I attended fewer lectures this year, but it’s not like there were lectures, interviews and panels out the wazoo. And, of course, there were at least two sessions that I had two (or more) lectures marked and so had to be a Responsible Adult and make a Decision.
So here’s who and what I saw:
Conform or Resist: The Giver Quartet. Lois Lowry has written 40+, and The Giver is astonishingly popular, often as a class-read for Grades 4-6. I missed out (it was written in 1994), so I’ve had no idea what it’s about, other than some people calling it the first juvenile dystopian novel. Lowry is an excellent speaker with a lifetime of experiences (her dad’s home movies of her playing with her grandma on Waikiki Beach in 1939–she’s a very little girl at the time–are jolting, when the U.S.S. Arizona is pointed out, peacefully docked in the distance). I’m reading The Giver right now, and while it is a “chapter book” (suitable for Grades 4-6), I’m finding it unsettling and a little freakish, not like kids in Grades 4-6. If you don’t want to read it, the movie is being released in August this year, 18 years after Jeff Bridges bought the movie rights — he thought it would be a good vehicle for his dad Lloyd (“Guess it was a bad day to star in a dystopian movie.”). Well, Jeff plays the title character now, and if you don’t think that this isn’t an appealing film for a lot of people, like all the kids who’ve grown up with the book, it also stars Meryl Streep, Alexander Skarsgard and Katie Holmes. Way to go, Lois!

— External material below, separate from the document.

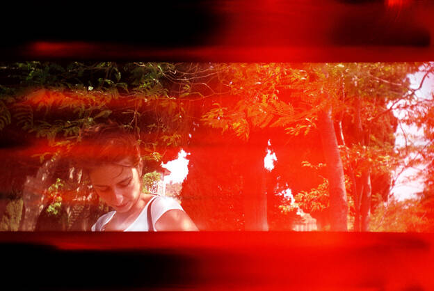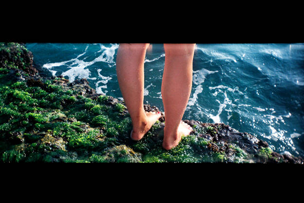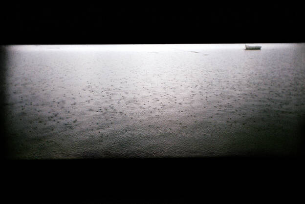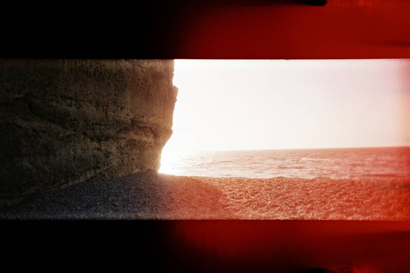 Rester dans cette temporalité de l’immédiateté, c’est aussi accepter l’horizon mal cadré lorsque la tempête est trop forte. Ces images granuleuses, qui s’ancrent dans la matière de la mémoire, légèrement tremblées, apparemment douces, sont aussi et parfois de faux calmes, comme la surface visiblement lisse de la mer qui, pourtant, n’est que trouées et mouvements ascendants, descendants : des heurts illustrés par ces brûlures ardentes aux rouges explosifs qui viennent parfois troubler et zébrer l’image. Des entrées de lumières imprévues qui disent aussi les accidents, les hasards, l'imprévu.
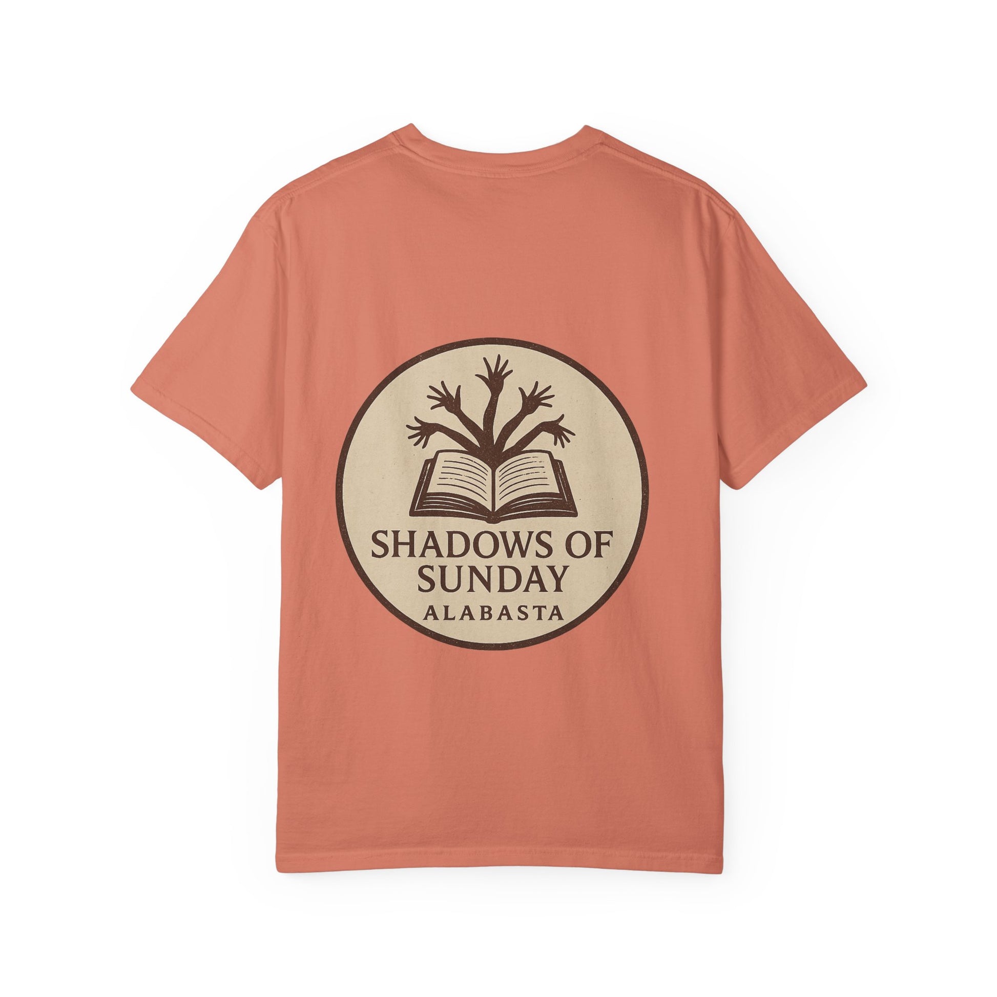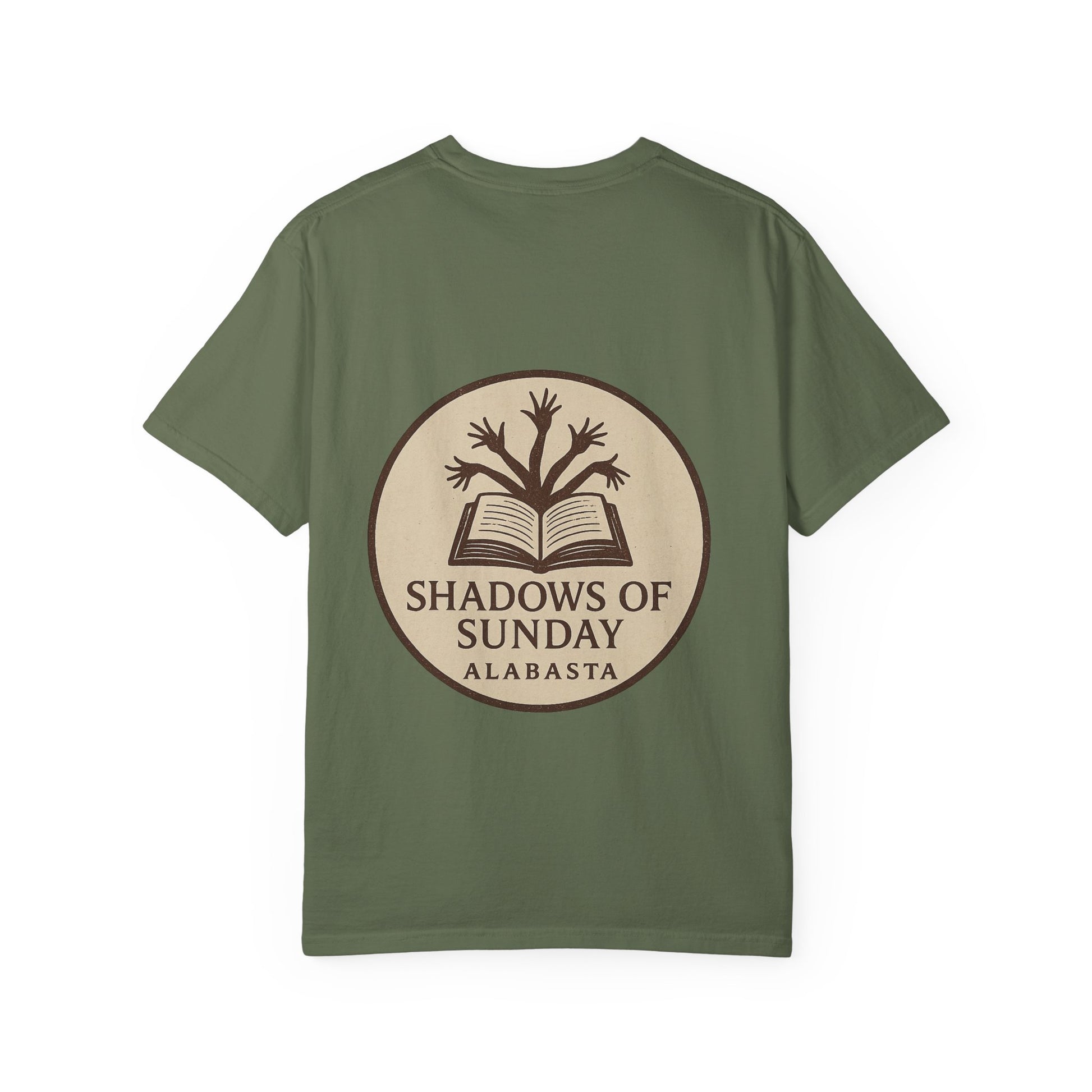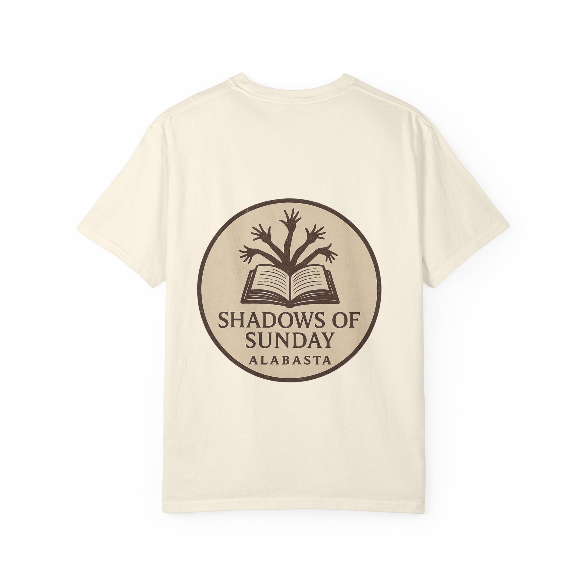 The back design completes the look with a vintage-style emblem: an open book with sprouting arms curling upward like branches, stamped with the title “Shadows of Sunday – Alabasta.”

The Mexican Kitchen: Many Cultures, One Cuisine. The presenting author Ricardo Zurita was sick and cancelled, but that didn’t keep two local chefs (the owner of Boca and the director of Culinary Arts at PCC) from doing a fabulous job of substituting for him. Two kinds of chiles relleno were made, and neither were the bell-pepper-stuffed-with-American-cheese variety (aka, FEH!). I scored a relleno all for myself (yeah, I had to share it with a few people around me, but still), and it was filled with ground beef and pork and apples and onions and plaintain… Honest to God, if it had just been handed to me, I sure wouldn’t have called it a chile relleno. It was wonderful, and the owner of Boca Chef Maria is a Fanatic (in a good way) for authentic ethnic cooking, wherever it may be, and equally of supporting Tucson businesses. Boca is about three miles from our house. No more excuses — gotta go there.
Oh, Mayor Rothschild and a Mexican consulate were on the official Tasting Team, and for local Tucsonans, questions from the audience were fielded by Lupita Murrrrrrrrrrrrillo. There were also some tense moments focusing on Sonoran vs. Tex-Mex cuisine, and the all important white or red menudo controversy.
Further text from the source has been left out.